Carolyn Conrad’s recent work embraces all the approaches she has been developing over the years: painting, photography, sculpture and installation. Through a process of constructing and deconstruction she finds the essence of her chosen materials -- paper, cloth, wood, clay, plaster and of late, dryer lint. She takes a nontraditional path, for example, paintings are sewn, plaster replaces paint, constructions become photographs.

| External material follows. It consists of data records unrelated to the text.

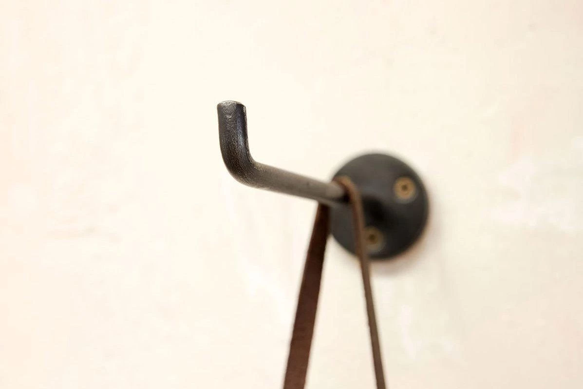 This iron hook has been hand-cast using age-old techniques. The base has holes for three screws.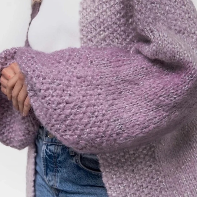 • Vous trouverez les explications pour tricoter un cardigan avec des bords larges et un haut en point de riz, orné de manches bouffantes et de point de riz sur les poignets.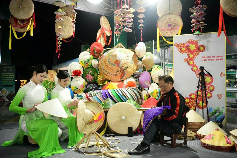 Nghệ nhân nón Chuông Lê Văn Tuy trình diễn cách làm sản phẩm làng nghề tại Triển lãm. Ảnh: N.H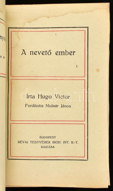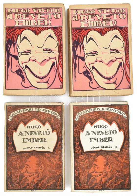 Hugo Victor: A nevető ember I-II. köt. Ford.: Hajós Kornél. Bp., én., Népszava, (Világosság-ny.) Kiadói szecessziós illusztrált papírkötés, kissé foltos és kissé sérült gerinccel, szép állapotban. + Hugo Victor: A nevető ember I-II. köt. Ford.: Molnár János. Bp., én., Révai Testvérek. Klasszikus regénytár. Kiadói illusztrált papírkötés (Pálla Jenő), kissé foltos és kissé sérült gerinccel, borítók hátoldala kissé foltos.

Several years ago her methodology came together with digital photography. Before arriving at a final print she constructs rural scenes making iconic architecture out of clay and wood, then paints or draws their backdrops. These naturally lit studio constructions evoke moods of romanticized isolation, about which the artist says:


“I am interested in creating human dialogues using structures rather than people and steering naturalism towards abstraction. The viewer may question, ‘Are these places emerging or disappearing? Are they idyllic or menacing? Paintings or photographs?’ My intention is to create images and objects of simplicity and containment and to elevate the ordinary to a place of significance.”


Conrad spent her childhood in New England and years around the farmlands of Long Island as her work suggests. Her early art training at BMFA, undergraduate work at Massachusetts College of Art, and graduate work at NYU helped form her minimalist and conceptual aesthetic. Now living in Sag Harbor, NY, she continues to work the concepts of “home” and memory of place.